**Exercise:** Keep every word of the listing and reproduce it exactly, but set aside any image found there.

────────────────

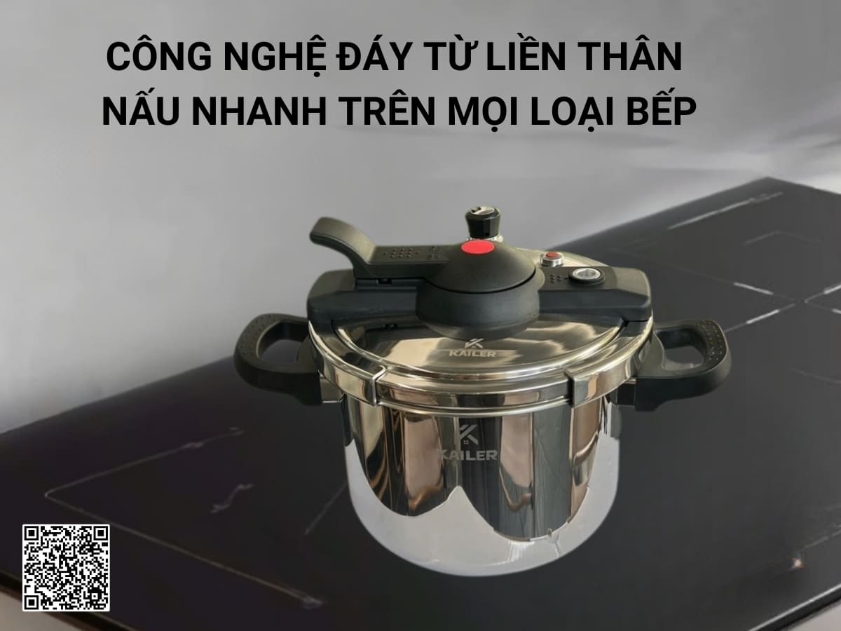 Nồi áp suất Kailer KL-AS22 sử dụng công nghệ đáy từ liền thân giúp truyền nhiệt siêu nhanh và tản nhiệt đều khắp đáy nồi. Nhờ đó giúp món ăn được nấu chín mềm một cách nhanh chóng, tiết kiệm năng lượng và giảm đến 50% thời gian nấu so với nồi thường, đồng thời vẫn bảo toàn được dinh dưỡng vốn có trong món ăn. Đặc biệt, nồi dùng được trên mọi loại bếp, kể cả bếp từ kén nồi.
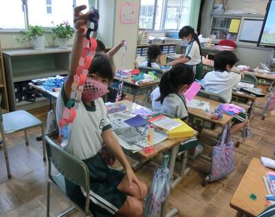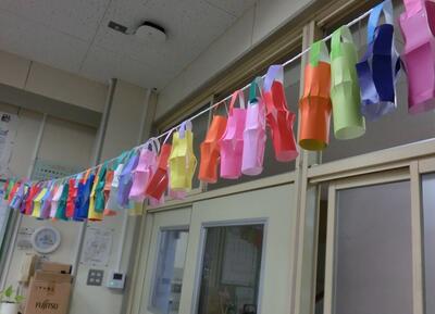 1年生は、七夕かざりを作っていました。ちょうちんなどのかざりがたくさんできました。
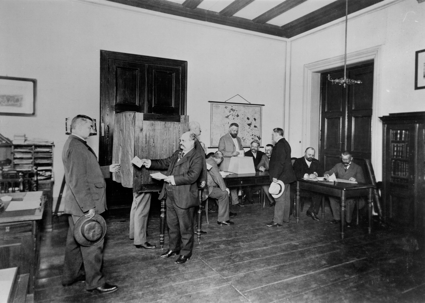 Wahllokal in Berlin Reichstagswahl 1903 – Fotografie, Deutschland, 1903 – Das Foto zeigt Wähler beim Wahlvorgang. Die Wahlvorsteher sorgten für die Weitergabe der ermittelten Wahlresultate an die zuständigen Stellen und verwahrten die versiegelten Wahlunterlagen bis zur Erklärung der Gültigkeit der Wahl durch den Reichstag. Mancher Wahlvorsteher aber überprüfte verbotenerweise Stimmzettel, lehnte die Annahme politisch nicht genehmer Stimmzettel ab, erklärte sie wegen angeblicher Formfehler für ungültig oder verteilte solche seiner eigenen Partei.
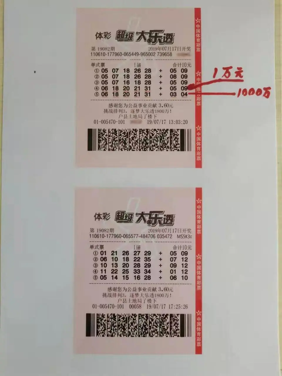兩張彩票其中一張中獎(jiǎng),一組號(hào)碼中獎(jiǎng)1萬(wàn)元,另一組號(hào)碼中獎(jiǎng)1000萬(wàn)元
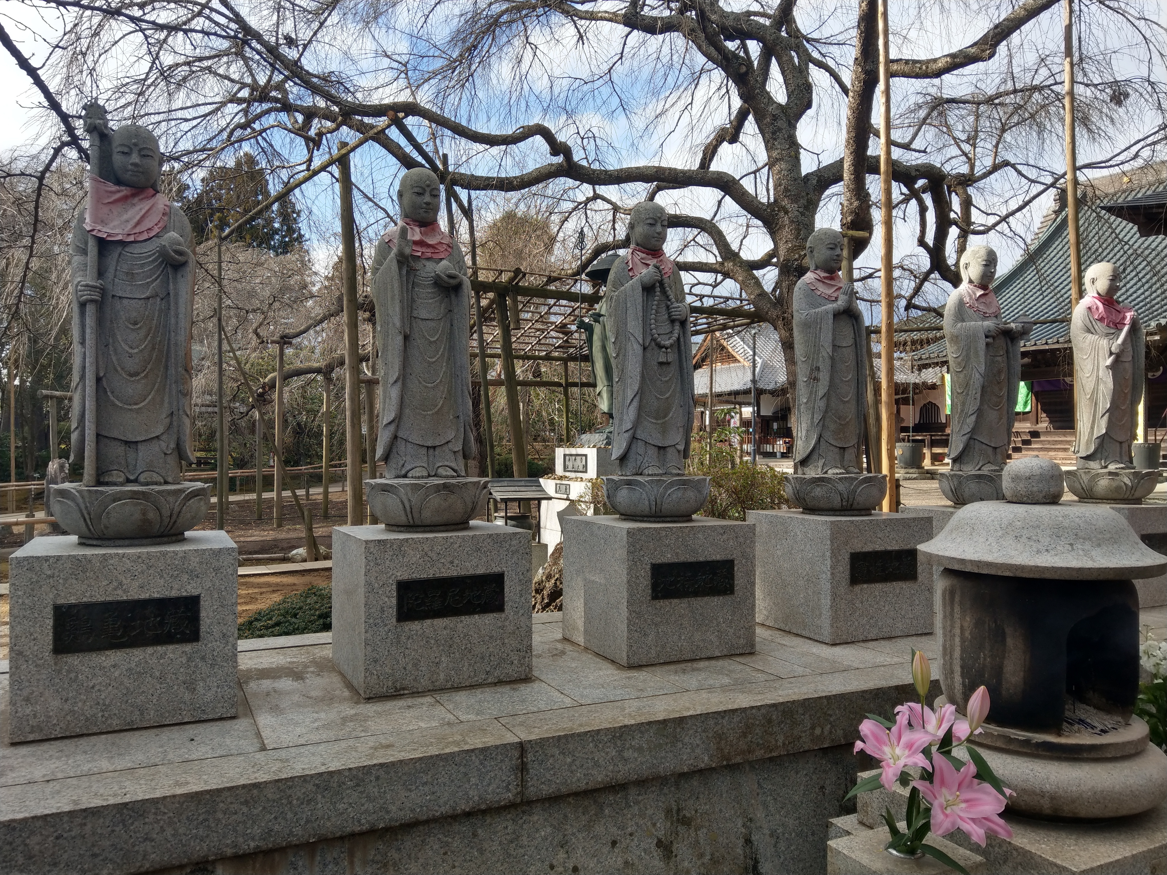 이러한 묘사의 일본식 변형은 여섯 지장보살(Six Kṣitigarbhas)로, 보살의 여섯 가지 완전한 조각상 형태이다. 이러한 예는 중손사 사원의 '금당(金堂, Hall of Gold)'인 금당(Konjikidō)에서 찾아볼 수 있다.
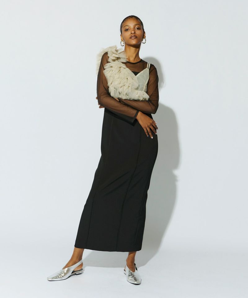 ワンピースはタイトなシルエットですっきりとした印象に。
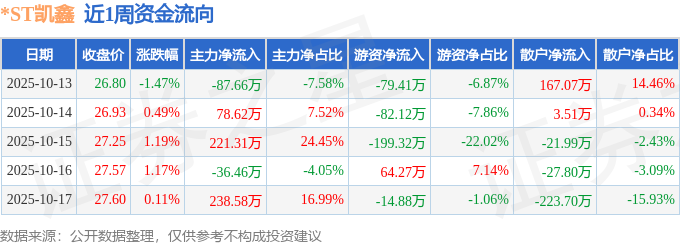 资金流向数据方面,本周*ST凯鑫主力资金合计净流入414.39万元,游资资金合计净流出311.46万元,散户资金合计净流出102.93万元。本周资金流向一览见下表:
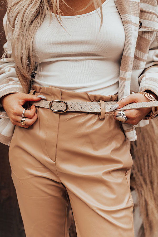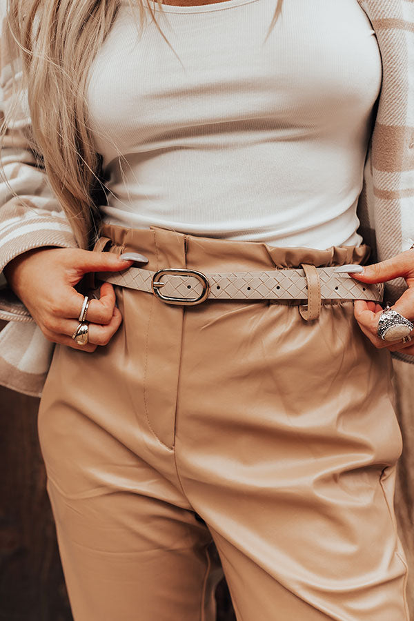 Complete your look in the prettiest of ways with our chic birch colored 'Tuscany Nights Belt' featuring a sleek woven textured strap with a gold buckle! Belt Range: 29in-37in
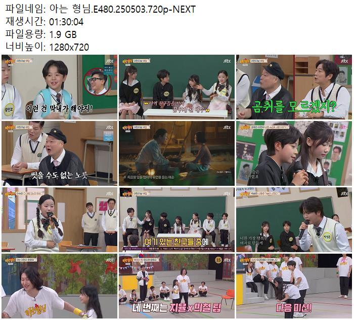 | 아는 형님.E480.250503.720p-NEXT.mp4 | 1.9 G | - | 1280x720 |
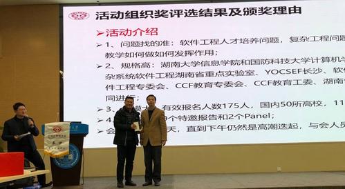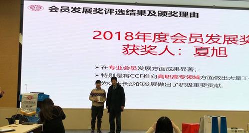 年度总结之后,长沙分部进行了隆重的表彰颁奖典礼。2018年度CCF长沙分部颁发了会员发展奖、活动组织奖和特殊贡献奖,以表彰在2018年为分部作出贡献的个人和团体。分部秘书长张锦向会员汇报了三个奖项的评选规则,其中:会员发展奖根据总部统计的会员发展人数确定;活动组织奖综合考虑活动规模、影响力、与分部特色关联度等因素进行确定;特殊贡献奖是根据对分部发展作出长期、突出贡献的个人,每年度不超过2人,每人只能获得一次。最终2018年评出的获奖人员如下:湖南安全技术职业学院夏旭荣获会员发展奖;国防科技大学毛新军荣获活动组织奖;国防科技大学卢凯荣获特殊贡献奖。
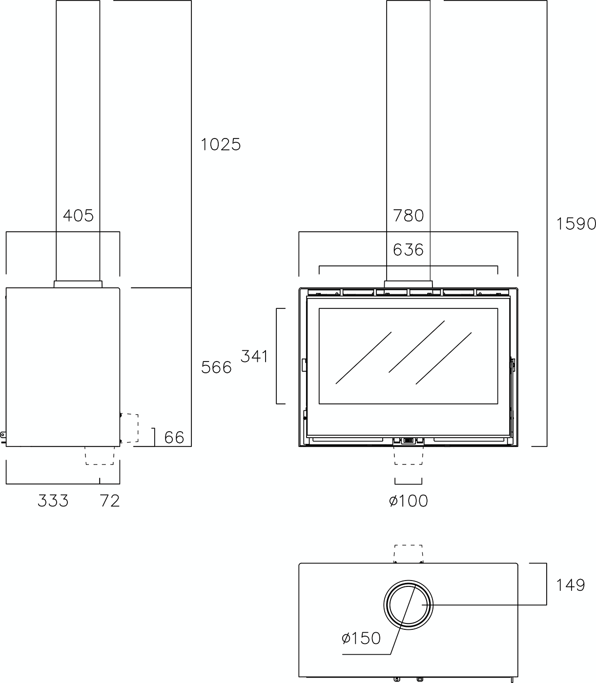 | Высота | 566 мм - без трубы; 1590 мм - с трубой |
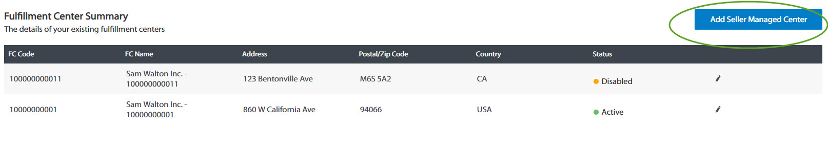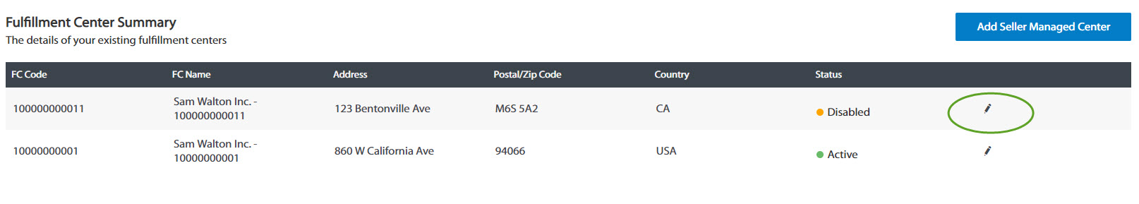 2. Edit the FC details as desired. If you no longer use this FC, click "Disabled" under Fulfillment Center Status.
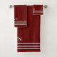 Este juego de toalla de baño a rayas bordó/rojo oscuro con gris claro es perfecto para casi cualquier decoración. Monograma con sus iniciales. El juego incluye toalla de baño, paño de mano y toalla de mano. Ideal como regalo o para renovar las toallas de su baño.
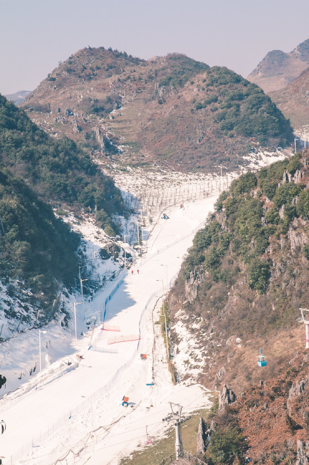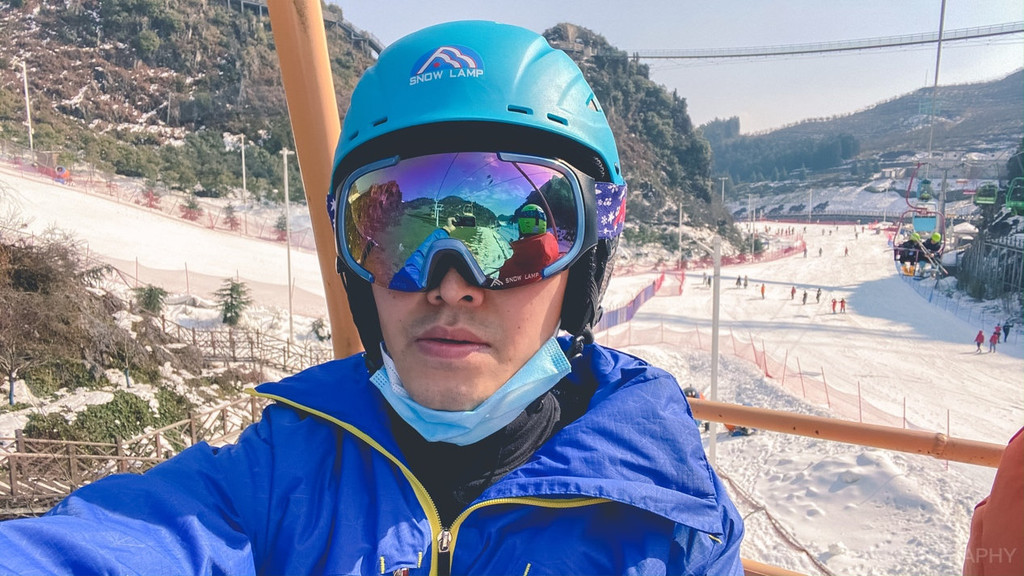 中级赛道,需要坐缆车去到起点,从高处滑下来,难度比初级赛道要难一些。在冬日的暖阳下,坐着缆车俯瞰景色,一片醉人的白雪和山景,在深深地呼吸着新鲜空气,身心舒畅!
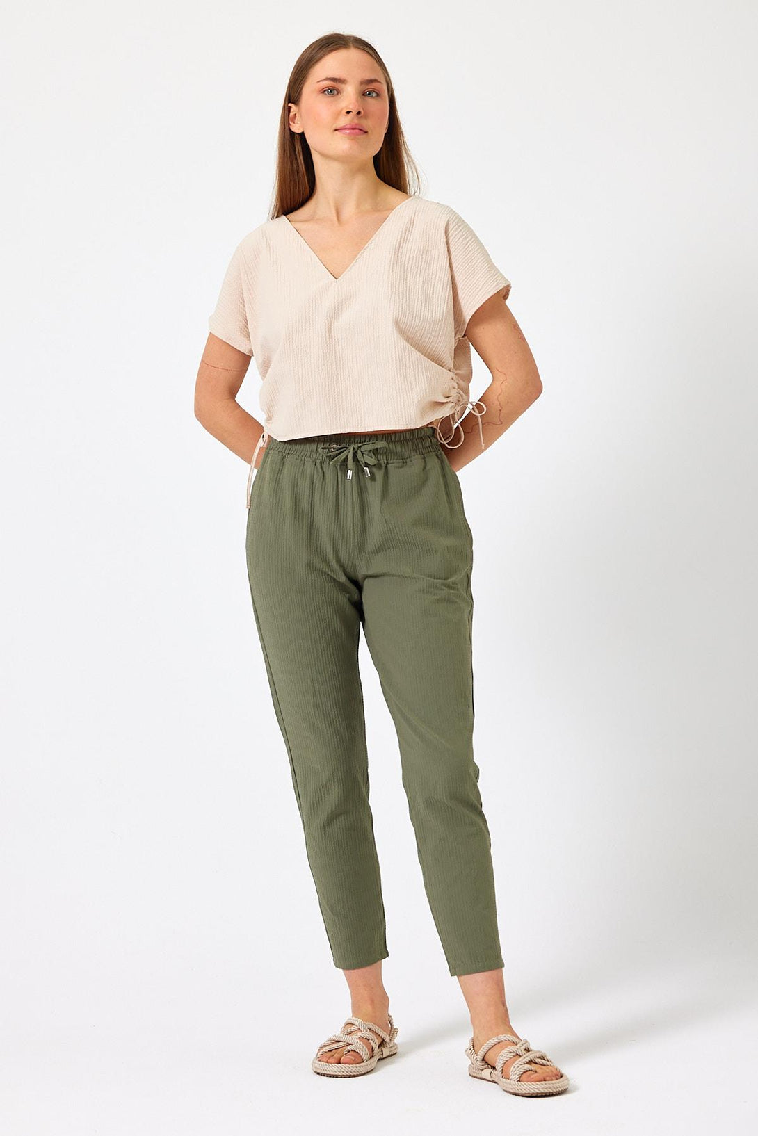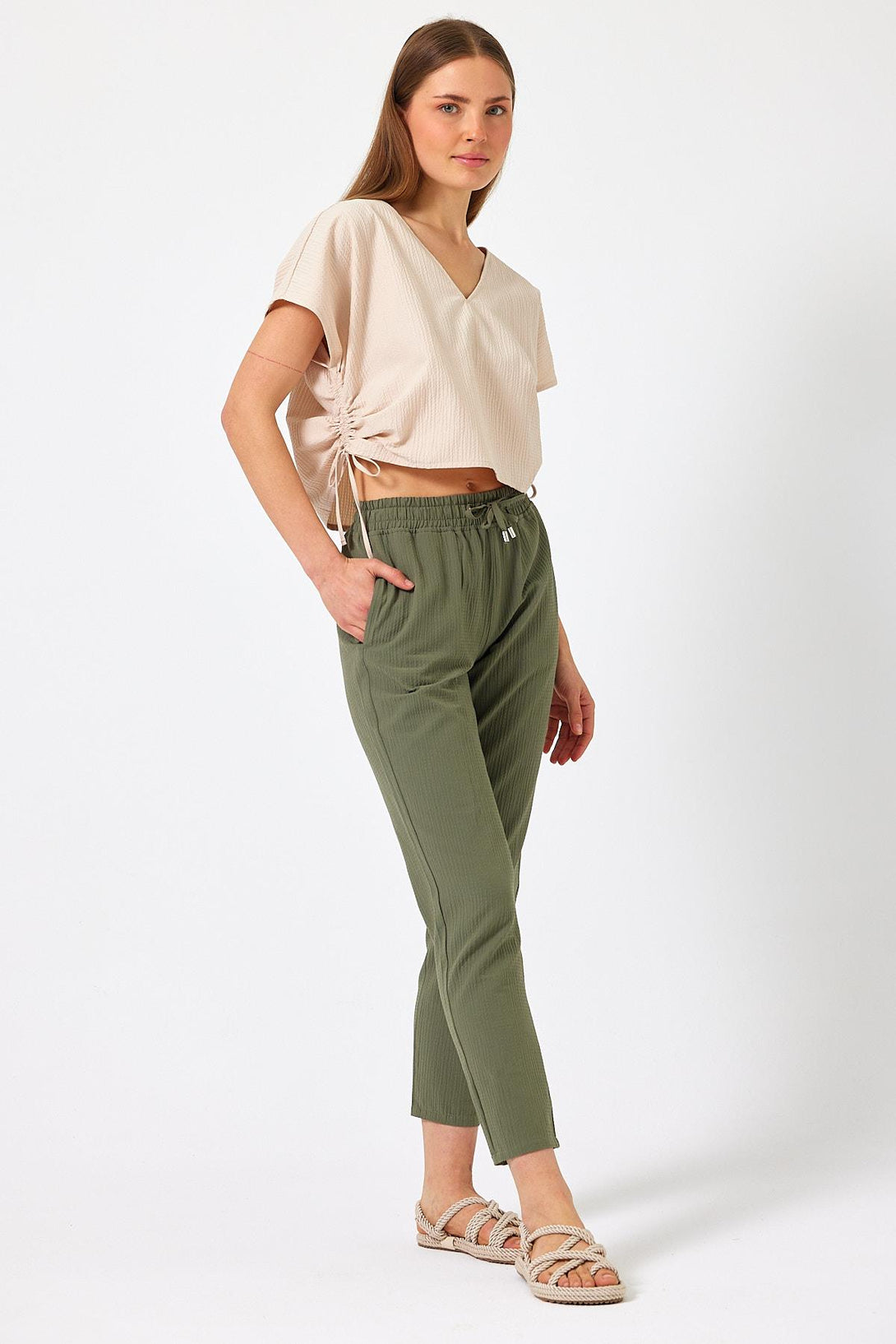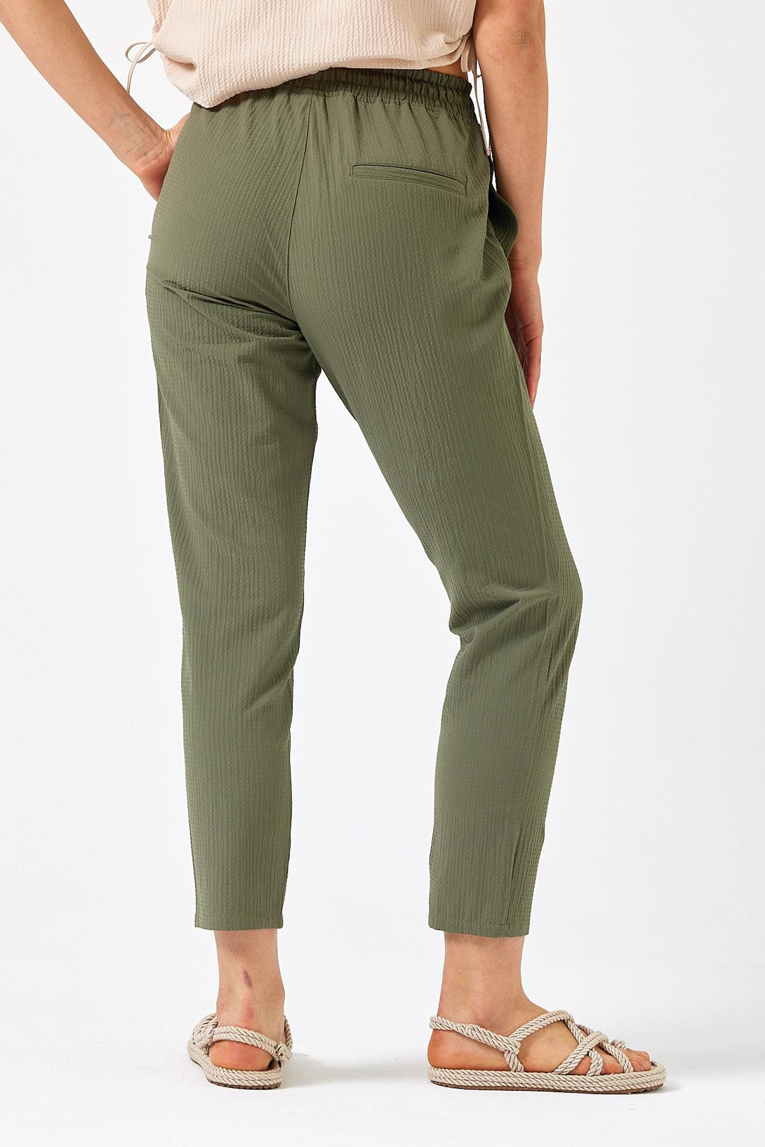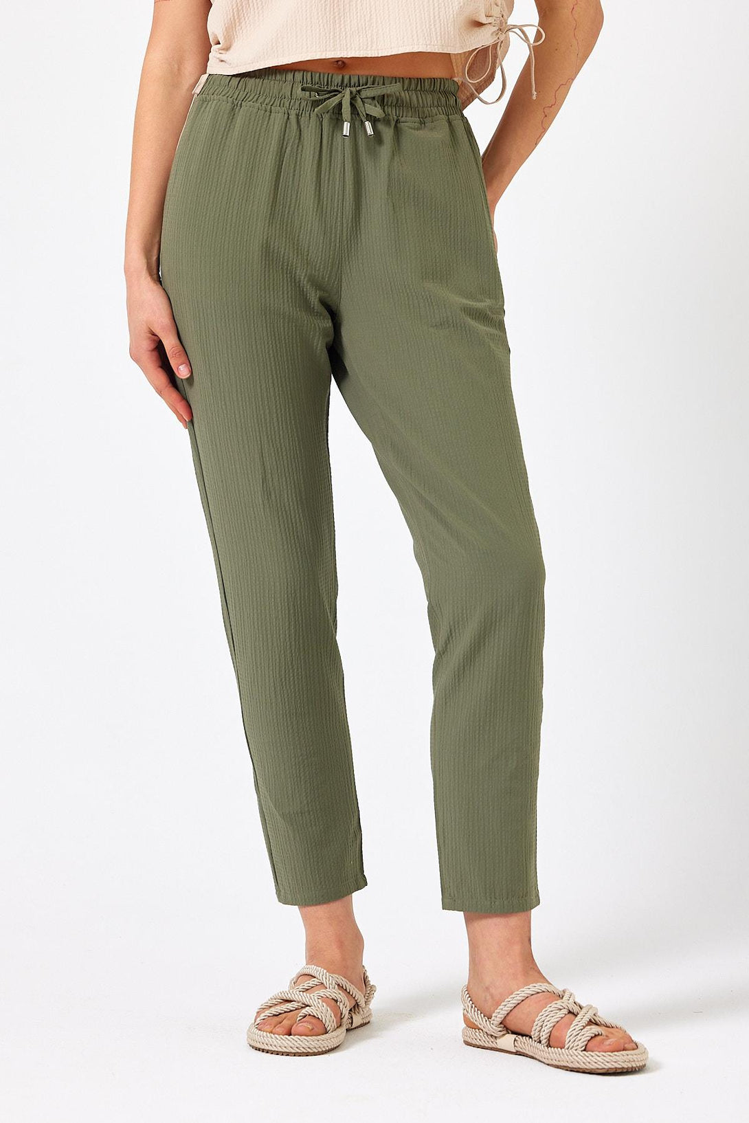 Kadın Alian Beli Lastikli Armürlü Beach Pantolon - Haki

────────────────

**Finished task:**
 Nồi áp suất Kailer KL-AS22 sử dụng công nghệ đáy từ liền thân giúp truyền nhiệt siêu nhanh và tản nhiệt đều khắp đáy nồi. Nhờ đó giúp món ăn được nấu chín mềm một cách nhanh chóng, tiết kiệm năng lượng và giảm đến 50% thời gian nấu so với nồi thường, đồng thời vẫn bảo toàn được dinh dưỡng vốn có trong món ăn. Đặc biệt, nồi dùng được trên mọi loại bếp, kể cả bếp từ kén nồi.
 1年生は、七夕かざりを作っていました。ちょうちんなどのかざりがたくさんできました。
 Wahllokal in Berlin Reichstagswahl 1903 – Fotografie, Deutschland, 1903 – Das Foto zeigt Wähler beim Wahlvorgang. Die Wahlvorsteher sorgten für die Weitergabe der ermittelten Wahlresultate an die zuständigen Stellen und verwahrten die versiegelten Wahlunterlagen bis zur Erklärung der Gültigkeit der Wahl durch den Reichstag. Mancher Wahlvorsteher aber überprüfte verbotenerweise Stimmzettel, lehnte die Annahme politisch nicht genehmer Stimmzettel ab, erklärte sie wegen angeblicher Formfehler für ungültig oder verteilte solche seiner eigenen Partei.
兩張彩票其中一張中獎(jiǎng),一組號(hào)碼中獎(jiǎng)1萬(wàn)元,另一組號(hào)碼中獎(jiǎng)1000萬(wàn)元
 이러한 묘사의 일본식 변형은 여섯 지장보살(Six Kṣitigarbhas)로, 보살의 여섯 가지 완전한 조각상 형태이다. 이러한 예는 중손사 사원의 '금당(金堂, Hall of Gold)'인 금당(Konjikidō)에서 찾아볼 수 있다.
 ワンピースはタイトなシルエットですっきりとした印象に。
 资金流向数据方面,本周*ST凯鑫主力资金合计净流入414.39万元,游资资金合计净流出311.46万元,散户资金合计净流出102.93万元。本周资金流向一览见下表:
 Complete your look in the prettiest of ways with our chic birch colored 'Tuscany Nights Belt' featuring a sleek woven textured strap with a gold buckle! Belt Range: 29in-37in
 | 아는 형님.E480.250503.720p-NEXT.mp4 | 1.9 G | - | 1280x720 |
 年度总结之后,长沙分部进行了隆重的表彰颁奖典礼。2018年度CCF长沙分部颁发了会员发展奖、活动组织奖和特殊贡献奖,以表彰在2018年为分部作出贡献的个人和团体。分部秘书长张锦向会员汇报了三个奖项的评选规则,其中:会员发展奖根据总部统计的会员发展人数确定;活动组织奖综合考虑活动规模、影响力、与分部特色关联度等因素进行确定;特殊贡献奖是根据对分部发展作出长期、突出贡献的个人,每年度不超过2人,每人只能获得一次。最终2018年评出的获奖人员如下:湖南安全技术职业学院夏旭荣获会员发展奖;国防科技大学毛新军荣获活动组织奖;国防科技大学卢凯荣获特殊贡献奖。
 | Высота | 566 мм - без трубы; 1590 мм - с трубой |
 2. Edit the FC details as desired. If you no longer use this FC, click "Disabled" under Fulfillment Center Status.
 Este juego de toalla de baño a rayas bordó/rojo oscuro con gris claro es perfecto para casi cualquier decoración. Monograma con sus iniciales. El juego incluye toalla de baño, paño de mano y toalla de mano. Ideal como regalo o para renovar las toallas de su baño.
 中级赛道,需要坐缆车去到起点,从高处滑下来,难度比初级赛道要难一些。在冬日的暖阳下,坐着缆车俯瞰景色,一片醉人的白雪和山景,在深深地呼吸着新鲜空气,身心舒畅!
 Kadın Alian Beli Lastikli Armürlü Beach Pantolon - Haki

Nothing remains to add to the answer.